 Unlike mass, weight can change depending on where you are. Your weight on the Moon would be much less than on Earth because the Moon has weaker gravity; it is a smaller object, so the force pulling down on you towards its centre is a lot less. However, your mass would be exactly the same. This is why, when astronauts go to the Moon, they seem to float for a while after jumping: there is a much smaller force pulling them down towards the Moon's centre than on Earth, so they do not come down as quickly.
□ □ □ □
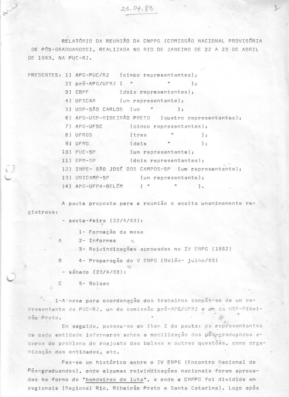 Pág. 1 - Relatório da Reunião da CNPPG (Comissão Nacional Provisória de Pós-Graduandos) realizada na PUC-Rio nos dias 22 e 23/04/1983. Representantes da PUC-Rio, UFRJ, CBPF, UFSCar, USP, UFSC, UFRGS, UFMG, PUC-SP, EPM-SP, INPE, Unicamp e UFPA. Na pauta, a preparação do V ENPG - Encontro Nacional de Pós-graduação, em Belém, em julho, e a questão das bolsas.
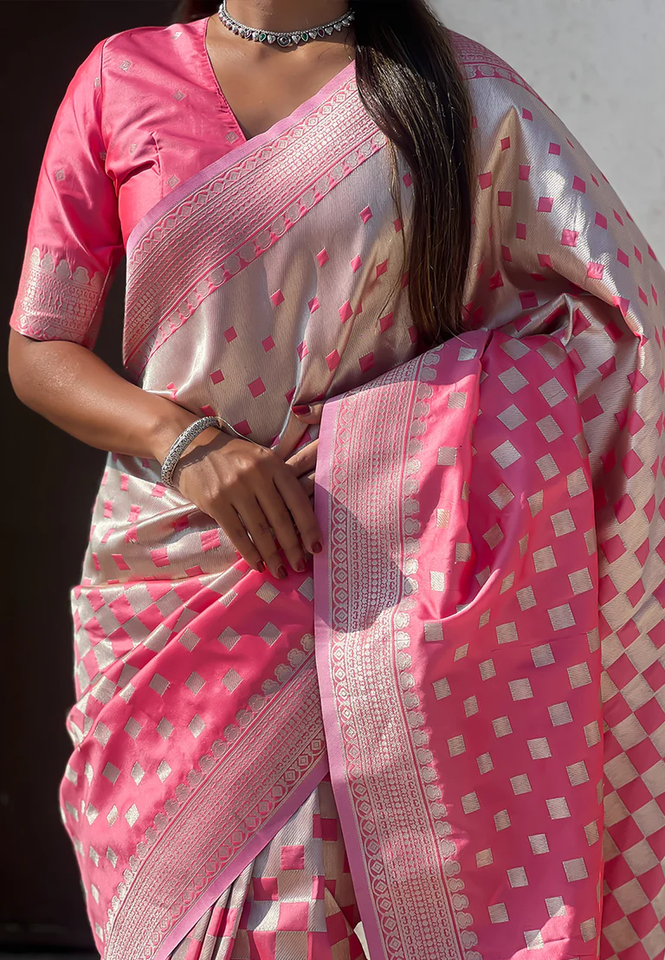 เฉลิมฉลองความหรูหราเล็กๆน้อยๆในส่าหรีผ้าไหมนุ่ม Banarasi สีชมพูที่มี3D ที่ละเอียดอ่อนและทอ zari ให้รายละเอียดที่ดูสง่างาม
□ □ □ □
### Problem to solve
Once the line with "Pág. 1 - Relatório" has been found above, output that line and every later line exactly, stopping after the line with "ที่ละเอียดอ่อนและทอ zari ให้รายละเอียดที่ดูสง่างาม", and omit the pictures.

### Solution to the exercise
 Pág. 1 - Relatório da Reunião da CNPPG (Comissão Nacional Provisória de Pós-Graduandos) realizada na PUC-Rio nos dias 22 e 23/04/1983. Representantes da PUC-Rio, UFRJ, CBPF, UFSCar, USP, UFSC, UFRGS, UFMG, PUC-SP, EPM-SP, INPE, Unicamp e UFPA. Na pauta, a preparação do V ENPG - Encontro Nacional de Pós-graduação, em Belém, em julho, e a questão das bolsas.
 เฉลิมฉลองความหรูหราเล็กๆน้อยๆในส่าหรีผ้าไหมนุ่ม Banarasi สีชมพูที่มี3D ที่ละเอียดอ่อนและทอ zari ให้รายละเอียดที่ดูสง่างาม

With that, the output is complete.